Ante este acto de discriminación he decidido alzar la voz, ya que no he sido el único caso de este tipo. ¿Cómo es posible que en la actualidad todavía se tenga la idea sesgada que las personas LGBT+ de donar sangre no sea en igualdad de condiciones que las personas heterosexuales?

Los requisitos deberían ser igual para todas las personas, sin importar su orientación sexual. Un donante responsable debe cuidar de su salud sexual y usar preservativo en toda relación sexual para prevenir el VIH y otras enfermedades de transmisión sexual.

La orientación sexual no debe de utilizarse como criterio para la selección del donante, porque eso no representa un riesgo en sí mismo. Lo que representa un riesgo son las CONDUCTAS SEXUALES inadecuadas, como tener múltiples parejas, pero estas pueden ser practicadas tanto por heterosexuales como homosexuales.

El médico que me atendió me dijo que por norma no se podían aceptar la donación de personas homosexuales. 

Me puse a investigar y la Organización Panamericana de la Salud en el 2015 consideró que la orientación sexual no debería ser un criterio para donar sangre.
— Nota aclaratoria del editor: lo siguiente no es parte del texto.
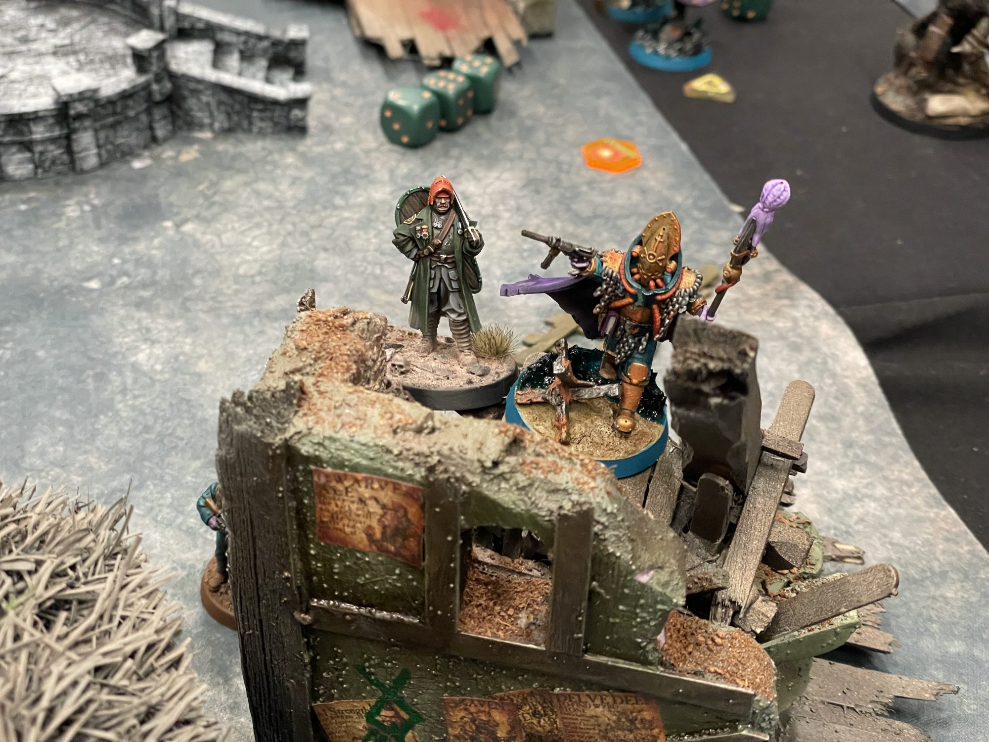 New Antioch vs. Naval Raiders at Adepticon 2026. Credit: SRMThis scenario was wild, and as a result I think everyone got to feel a little bit bad for a while. It's the Hunt the Dragon scenario, where an extremely dangerous monster in the middle of the table will move towards the closest model and attack it, unless something else draws its ire. For the first full turn, I couldn't beat a 5 on 2d6, and I was starting to get a bit frustrated, all while my opponent was dropping my dudes left right and center. His first attack from his Artillery Witch took out my one useful Heavy Mechanized Infantry dude, while a shot from downtown knocked my Sniper Priest off his belltower, though Padraic miraculously survived. Meanwhile I'd fail my aim action and end my turn early. Then, as if on cue, he started rolling 6s to activate the monster, and as most of his dudes had advanced up the board already, it started swiping at his warband and wiping the floor with them. Around this time my troops decided to renounce God and start praying to the giant grody hand floating around the middle of the board, as it was activating fairly often and slamming Heretics pretty reliably. The east flank was mostly my dudes getting shot and the floating hand clapping the Heretics for me, while the west flank had more of a fight going on. He tried to move my Mechanized Infantry towards the hand with Puppet Master, but I skirted the flanks of the table and finally got to grips with him as my dice heated up. A back-and-forth battle between his Heretic Priest and my Lieutenant ensued, involving a lot of running away, shooting, then charging back in, at least until my Combat Engineer did what he does best and blew the Chorister and Priest up with a Satchel Charge. Our surviving troops ran to the corners as we avoided the hand's ire, and by the time it turned towards my side, including the heroic Yeoman Shaughnessy who survived two entire rounds of combat against it, my opponent was mostly out of models and I'd managed to score a tiebreaking Epic Deed by taking out his leader. When the dust settled I don't think either of us were too thrilled with that particular battle, as luck made it particularly swingy and neither of us wanted to commit to fighting the hand, but I know on other boards people were able to one-round it with sufficiently hot dice. With dice like mine that round though, I doubt it would have gone so smoothly. I also might have gotten a contact high because my opponent was vaping the whole time, which, hey, please don't do that.
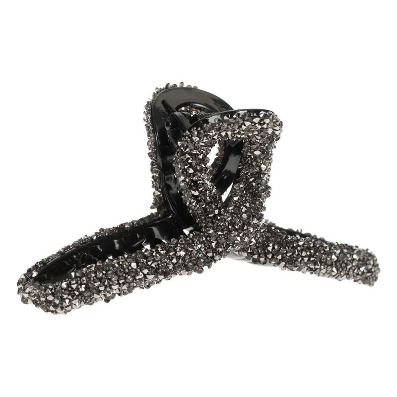 Clama par, model bucla, strass gri, negru, 11cm Clama par, model bucla, strass gri, negru, 11cm

Por otra parte la norma 253 para la donación de sangre no prohibe a homosexuales donar y sustituyó a la redactada en 1993. 

La prohibición de la norma se eliminó pero la gente de muchos hospitales se queda con la idea de que ser homosexual es igual a tener VIH y muchos de ellos siguen sin quitar restricciones a nivel de las instituciones.

Este tipo de negaciones es desproporcionada pues excluye directamente a hombres gays por su condición y no específicamente por prácticas de riesgo, que debería ser lo que se considere.

Existe una diferencia entre minimizar riesgos y estigmatizar y excluir a una población.

Yo esperaría que siempre fueran criterios técnicos y científicos y no la orientación sexual los que definan si una persona puede donar o no, pero estos podrían ser permeados por apreciaciones morales.

En todo caso, debería prevalecer la concepción de que la orientación sexual no es lo que define el nivel de riesgo de una persona, sino el comportamiento sexual de cada quien, sea hetero, homo o bisexual. Por lo tanto, a nadie se le debe negar la oportunidad de donar, sino que a toda sangre debe de aplicársele los análisis correspondientes con total rigurosidad.

Es por eso que exijo que se nos de la oportunidad de ser donadores siempre y cuando los estudios clínicos lo avalen sin importar tu orientación sexual.


¿Quieres compartir esta petición?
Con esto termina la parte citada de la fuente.